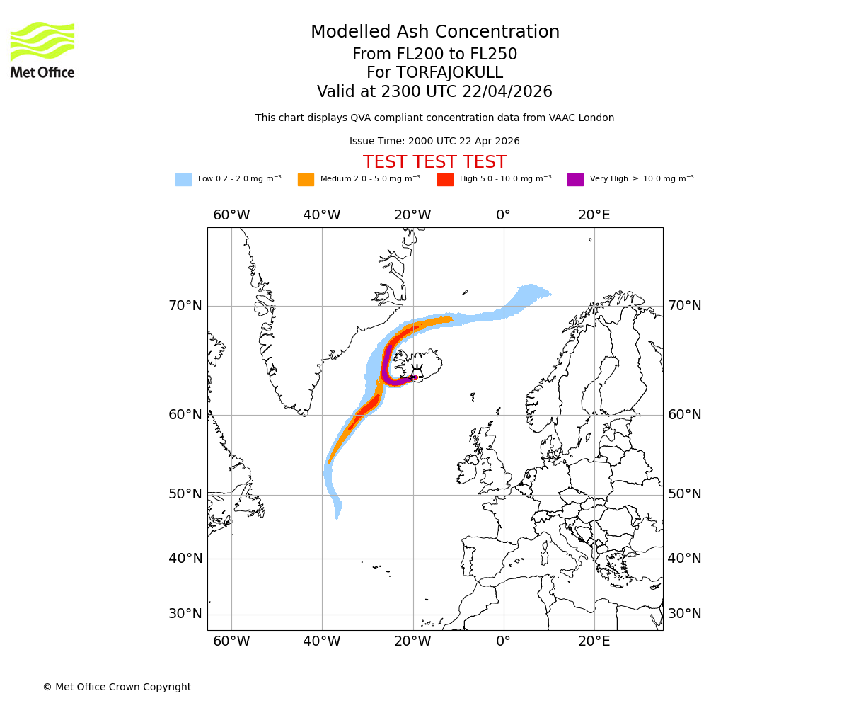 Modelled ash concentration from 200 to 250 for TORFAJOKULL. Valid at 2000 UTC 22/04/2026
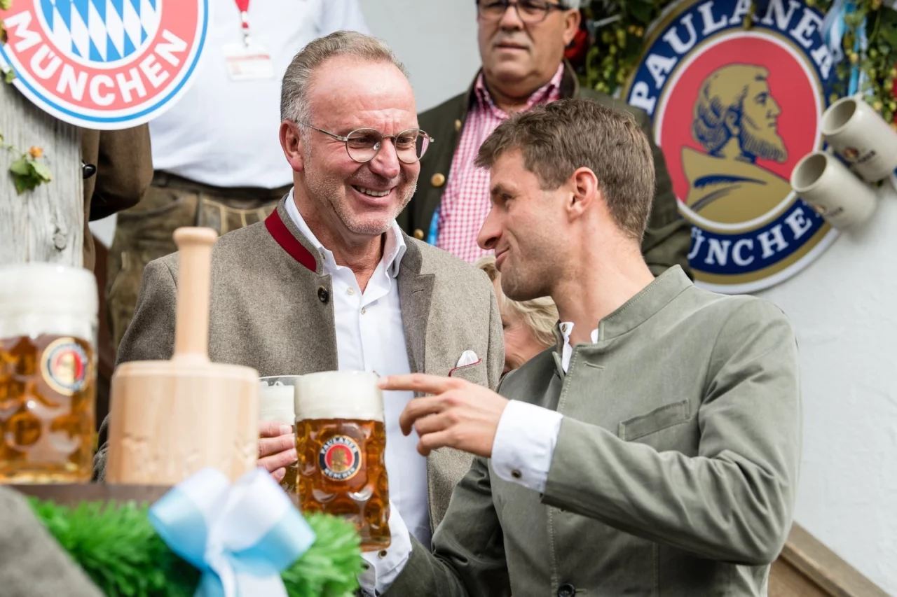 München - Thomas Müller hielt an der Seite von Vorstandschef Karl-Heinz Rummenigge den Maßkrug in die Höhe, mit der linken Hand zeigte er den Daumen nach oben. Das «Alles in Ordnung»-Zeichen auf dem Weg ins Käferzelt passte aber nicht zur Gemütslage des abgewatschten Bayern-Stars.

...

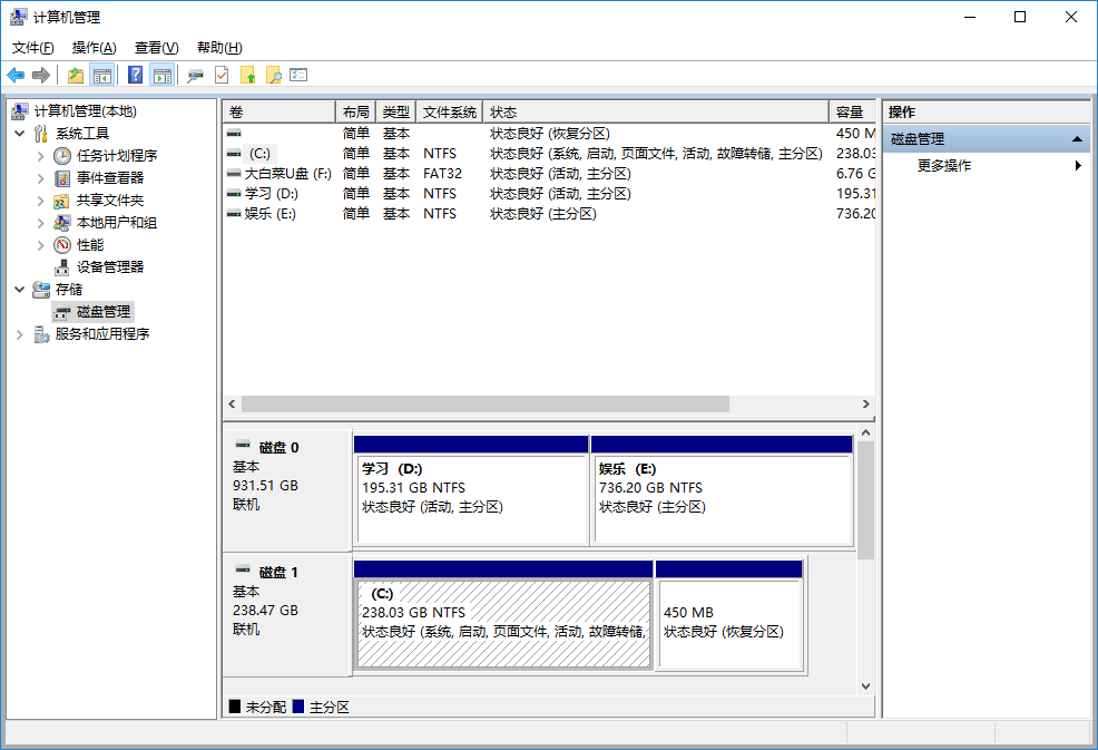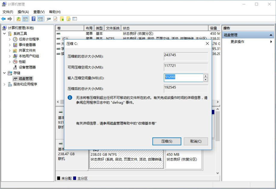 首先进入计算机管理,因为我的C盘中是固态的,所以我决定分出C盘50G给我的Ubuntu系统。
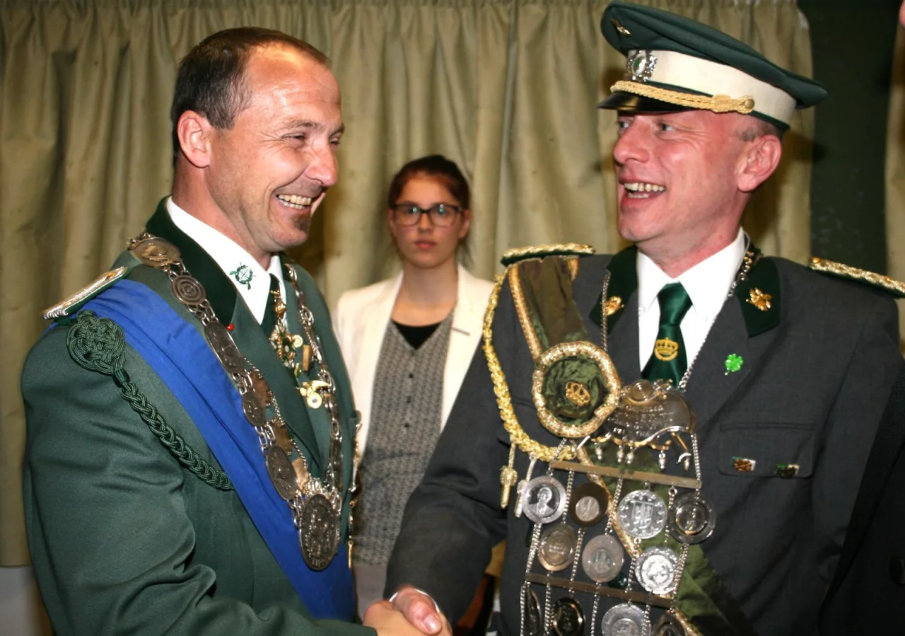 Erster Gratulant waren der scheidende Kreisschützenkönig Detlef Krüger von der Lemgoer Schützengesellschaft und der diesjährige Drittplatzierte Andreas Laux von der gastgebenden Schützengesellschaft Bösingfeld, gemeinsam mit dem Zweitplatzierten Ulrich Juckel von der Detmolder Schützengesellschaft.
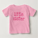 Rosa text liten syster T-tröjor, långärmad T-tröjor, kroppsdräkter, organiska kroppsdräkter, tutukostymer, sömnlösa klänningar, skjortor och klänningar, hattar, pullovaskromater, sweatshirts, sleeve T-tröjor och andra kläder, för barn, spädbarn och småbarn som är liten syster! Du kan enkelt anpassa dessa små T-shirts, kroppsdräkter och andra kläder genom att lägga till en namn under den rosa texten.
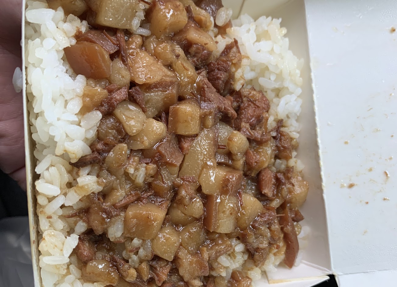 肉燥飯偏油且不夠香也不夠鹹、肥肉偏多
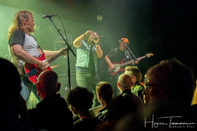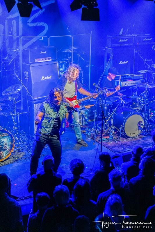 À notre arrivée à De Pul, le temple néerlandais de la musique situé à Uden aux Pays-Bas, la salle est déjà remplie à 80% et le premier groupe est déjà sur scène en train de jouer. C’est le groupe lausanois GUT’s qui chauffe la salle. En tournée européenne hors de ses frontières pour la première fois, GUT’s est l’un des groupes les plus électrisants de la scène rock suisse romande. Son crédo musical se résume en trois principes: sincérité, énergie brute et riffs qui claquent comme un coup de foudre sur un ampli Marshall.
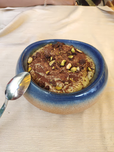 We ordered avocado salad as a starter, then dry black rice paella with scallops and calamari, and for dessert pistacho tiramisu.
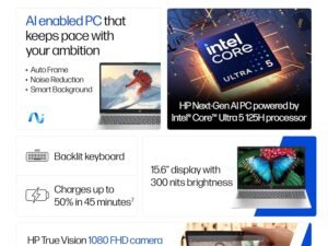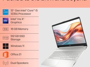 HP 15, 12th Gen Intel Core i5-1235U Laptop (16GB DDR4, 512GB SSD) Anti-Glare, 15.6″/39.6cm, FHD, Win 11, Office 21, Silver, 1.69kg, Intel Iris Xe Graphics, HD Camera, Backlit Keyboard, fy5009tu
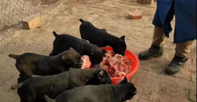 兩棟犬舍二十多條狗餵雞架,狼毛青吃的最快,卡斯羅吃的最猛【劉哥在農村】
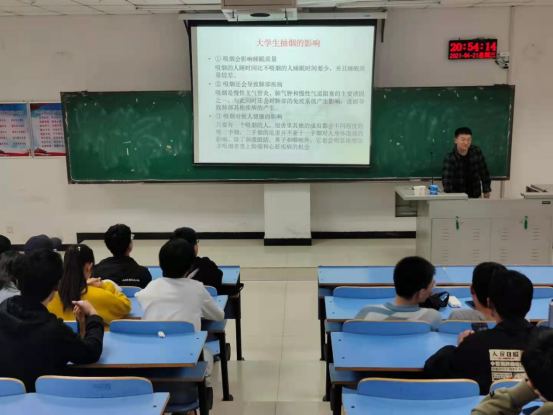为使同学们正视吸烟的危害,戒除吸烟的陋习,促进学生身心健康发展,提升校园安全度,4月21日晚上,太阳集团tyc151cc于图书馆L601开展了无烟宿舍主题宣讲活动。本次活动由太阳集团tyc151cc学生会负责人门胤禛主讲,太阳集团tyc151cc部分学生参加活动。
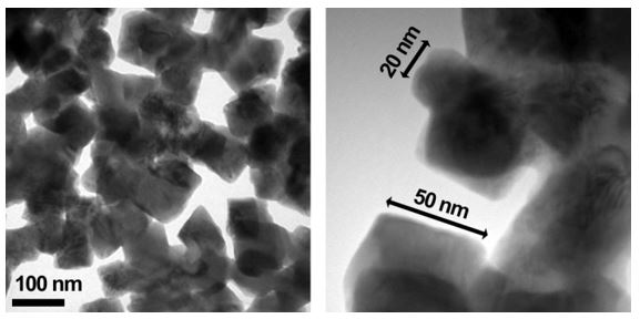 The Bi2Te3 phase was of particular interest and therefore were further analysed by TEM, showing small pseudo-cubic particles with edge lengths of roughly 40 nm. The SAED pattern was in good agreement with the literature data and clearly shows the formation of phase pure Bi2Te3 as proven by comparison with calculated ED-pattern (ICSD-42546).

◆ **Requirement**
In the data above, retype only the stretch from the line with "We ordered avocado" through the line with "The Bi2Te3 phase", word for word, and skip any pictures.

◆ **Written solution**
 We ordered avocado salad as a starter, then dry black rice paella with scallops and calamari, and for dessert pistacho tiramisu.
 HP 15, 12th Gen Intel Core i5-1235U Laptop (16GB DDR4, 512GB SSD) Anti-Glare, 15.6″/39.6cm, FHD, Win 11, Office 21, Silver, 1.69kg, Intel Iris Xe Graphics, HD Camera, Backlit Keyboard, fy5009tu
 兩棟犬舍二十多條狗餵雞架,狼毛青吃的最快,卡斯羅吃的最猛【劉哥在農村】
为使同学们正视吸烟的危害,戒除吸烟的陋习,促进学生身心健康发展,提升校园安全度,4月21日晚上,太阳集团tyc151cc于图书馆L601开展了无烟宿舍主题宣讲活动。本次活动由太阳集团tyc151cc学生会负责人门胤禛主讲,太阳集团tyc151cc部分学生参加活动。
 The Bi2Te3 phase was of particular interest and therefore were further analysed by TEM, showing small pseudo-cubic particles with edge lengths of roughly 40 nm. The SAED pattern was in good agreement with the literature data and clearly shows the formation of phase pure Bi2Te3 as proven by comparison with calculated ED-pattern (ICSD-42546).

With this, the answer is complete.